To be fair, this here is a micro benchmark, but (sometimes) a vec outperforms an array:

i5-4590

vec                     time:   [26.030 us 26.095 us 26.157 us]  
array                   time:   [34.850 us 34.926 us 35.001 us] 

i5-4590 with export RUSTFLAGS="-C target-cpu=native"

vec                     time:   [23.127 us 23.169 us 23.211 us] 
array                   time:   [23.449 us 23.501 us 23.559 us]                   

i5-6300U with export RUSTFLAGS="-C target-cpu=native"

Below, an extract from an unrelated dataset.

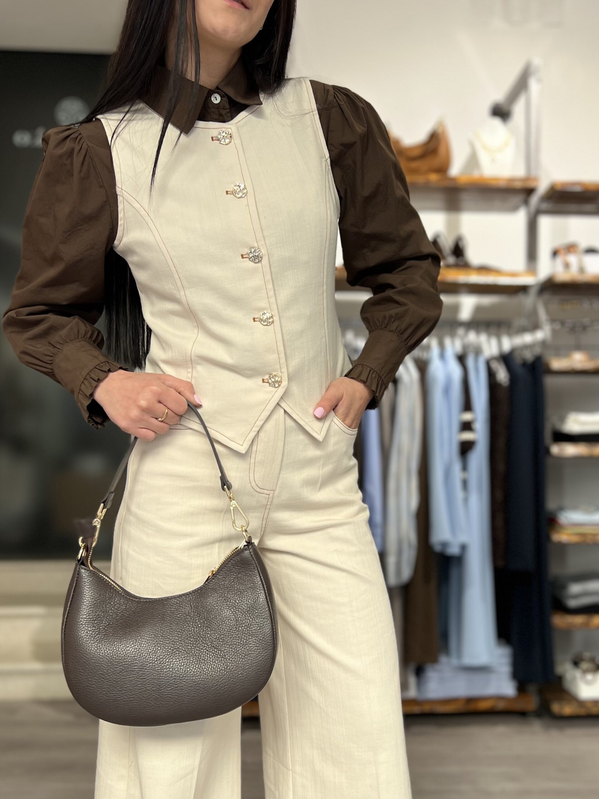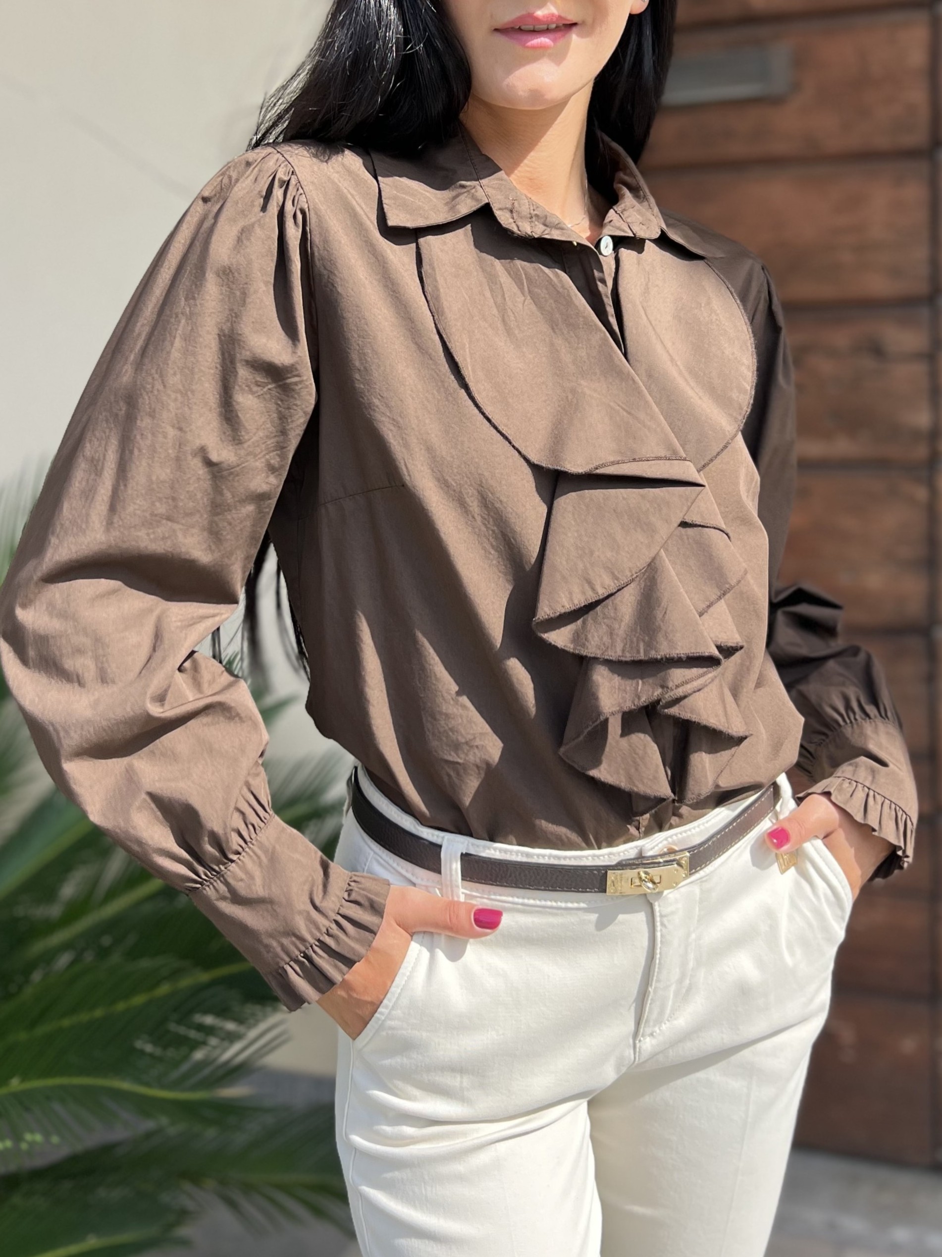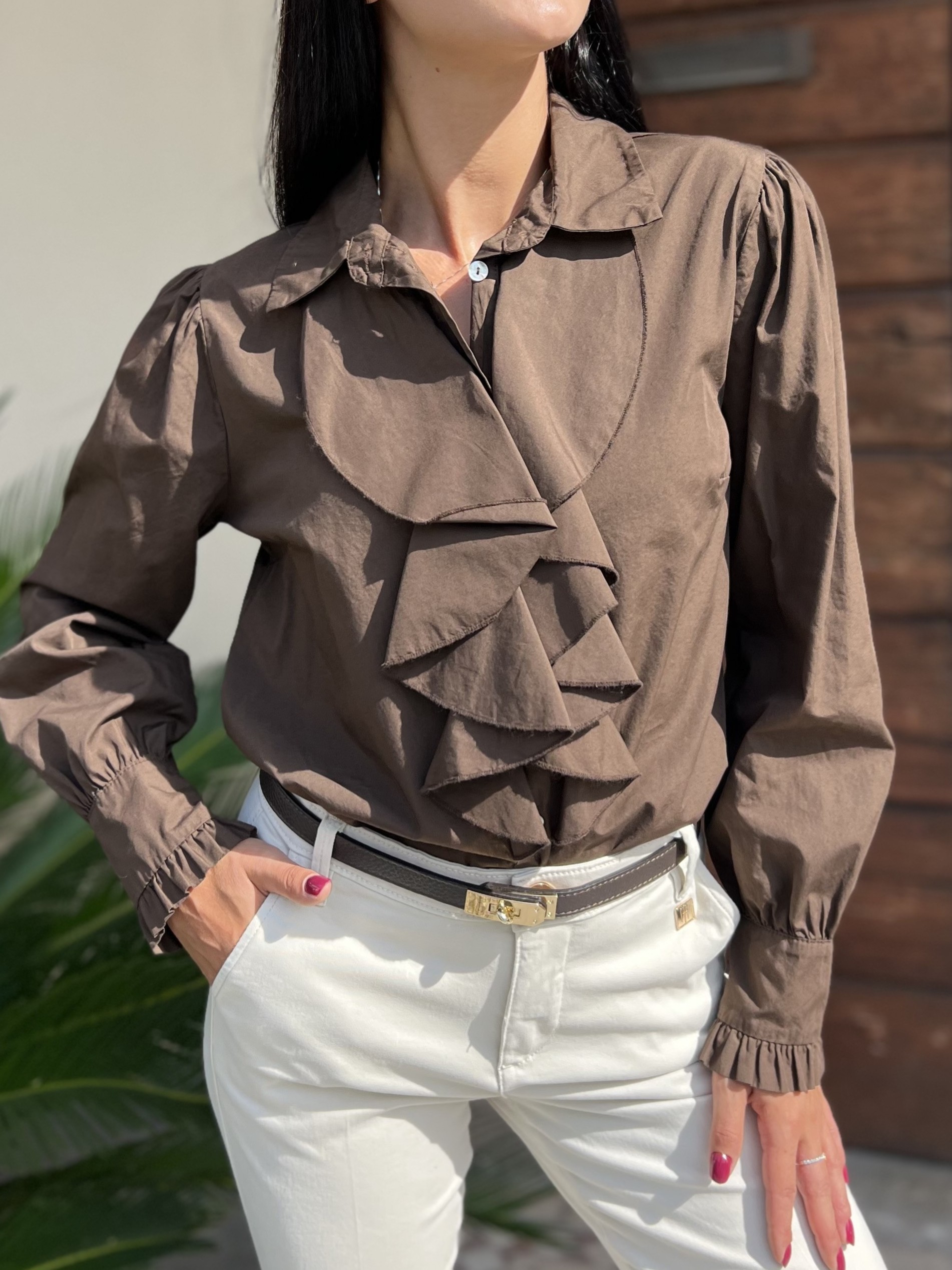 Camicia in cotone con colletto classico e rouches su tutta l’abbottonatura. Modello dal taglio dritto e morbido, manica leggermente a sbuffo e polsino con plissé. Taglia S per 38/42 e M per 44/46.
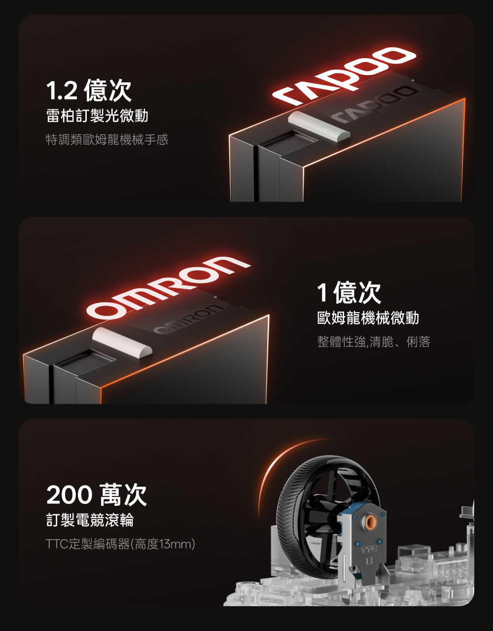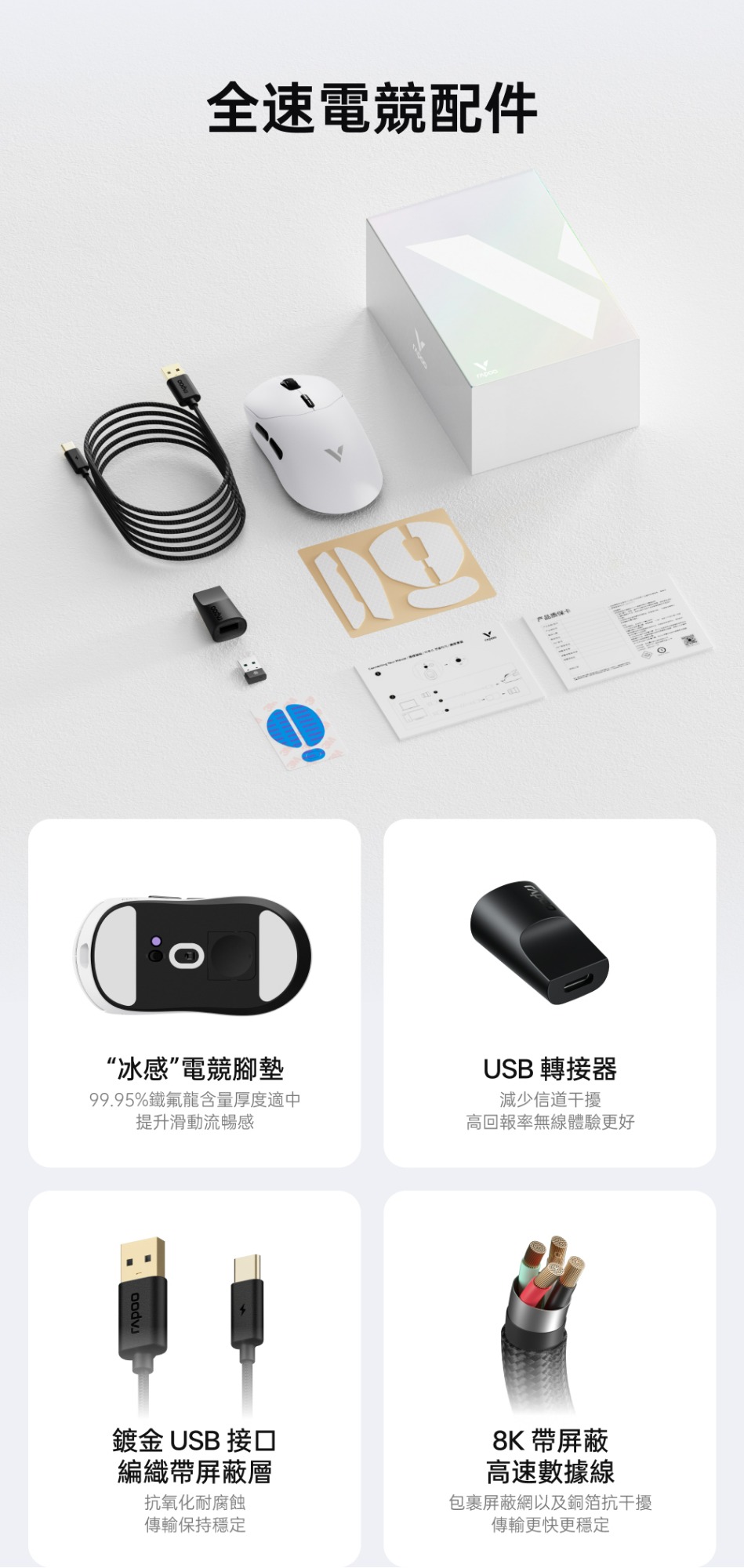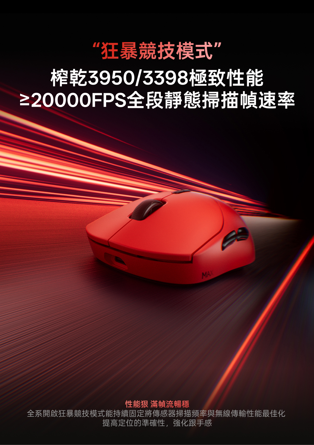 1.中大手適用 (對稱高背掌心飽滿) 2.800mAh電池500小時續航 3.nano8K接收器,自帶雙8KHz回報率,微型nano 8K接收器,即時電量RGB燈光顯示 4.原相3398(高訂版3395) 5.重量約53g 6.50-26000DPI 7.1億次歐姆龍機械微動 8.V+Wireless2.0無線技術 9.≧20000FPS 10.650IPS.50G加速度 11.200萬次TTC金輪特調度手感編碼器(13mm高度)

vec                     time:   [38.091 us 38.532 us 39.031 us]                 
array                   time:   [39.694 us 40.104 us 40.632 us]                   

i5-6300U

vec                     time:   [35.050 us 35.474 us 35.999 us]                 
array                   time:   [35.067 us 35.539 us 36.164 us]     
fn vec_dgl(state: &Vec<f64>) -> Vec<f64> {
    let x = state[0];
    let v = state[1];
    vec![v, -x]
}
pub fn vec_euler(x: f64, v: f64) -> (f64, f64) {
    let mut state = vec![x, v];
    let dt = 0.01;
    for _ in 0..10000 {
        let diff = vec_dgl(&state);
        // diff.into_iter().zip(state.iter_mut()).for_each(|(diff, state)| *state = *state + diff * dt ); // same performance, [https://doc.rust-lang.org/std/iter/trait.Iterator.html#method.for_each] write: This is equivalent to using a for loop on the iterator
        for (diff, state) in diff.into_iter().zip(state.iter_mut()) {
            *state = *state + diff * dt;
        }
    }
    (state[0], state[1])
}

fn array_dgl(state: [f64; 2]) -> [f64; 2] {
    let x = state[0];
    let v = state[1];
    [v, -x]
}
pub fn array_euler(x: f64, v: f64) -> (f64, f64) {
    let mut state = [x, v];
    let dt = 0.01;
    for _ in 0..10000 {
        let diff = array_dgl(state);
        for (diff, state) in diff.into_iter().zip(state.iter_mut()) {
            *state = *state + diff * dt;
        }
    }
    (state[0], state[1])
}
use criterion::{black_box, criterion_group, criterion_main, Criterion};
use rust::*;

pub fn criterion_benchmark(c: &mut Criterion) {
    c.bench_function("vec", |b| b.iter(|| vec_euler(black_box(1.), black_box(0.))));
    c.bench_function("array", |b| b.iter(|| array_euler(black_box(1.), black_box(0.))));
}

criterion_group!(benches, criterion_benchmark);
criterion_main!(benches);

Interesting. When both versions take their arguments by reference, the performance is the same:

@@ -16,7 +16,7 @@ pub fn vec_euler(x: f64, v: f64) -> (f64, f64) {
     (state[0], state[1])
 }
 
-fn array_dgl(state: [f64; 2]) -> [f64; 2] {
+fn array_dgl(state: &[f64; 2]) -> [f64; 2] {
     let x = state[0];
     let v = state[1];
     [v, -x]
@@ -25,7 +25,7 @@ pub fn array_euler(x: f64, v: f64) -> (f64, f64) {
     let mut state = [x, v];
     let dt = 0.01;
     for _ in 0..10000 {
-        let diff = array_dgl(state);
+        let diff = array_dgl(&state);
         for (diff, state) in diff.into_iter().zip(state.iter_mut()) {
             *state = *state + diff * dt;
         }

Results on my x86_64 machine, after that change:

vec                     time:   [20.599 us 20.734 us 20.870 us]                 
array                   time:   [20.611 us 20.733 us 20.864 us]                   

This might be one of those cases where Rust is generating too many memcpys, and LLVM does not manage to optimize them away.

3 Likes

Can confirm

This topic was automatically closed 90 days after the last reply. We invite you to open a new topic if you have further questions or comments.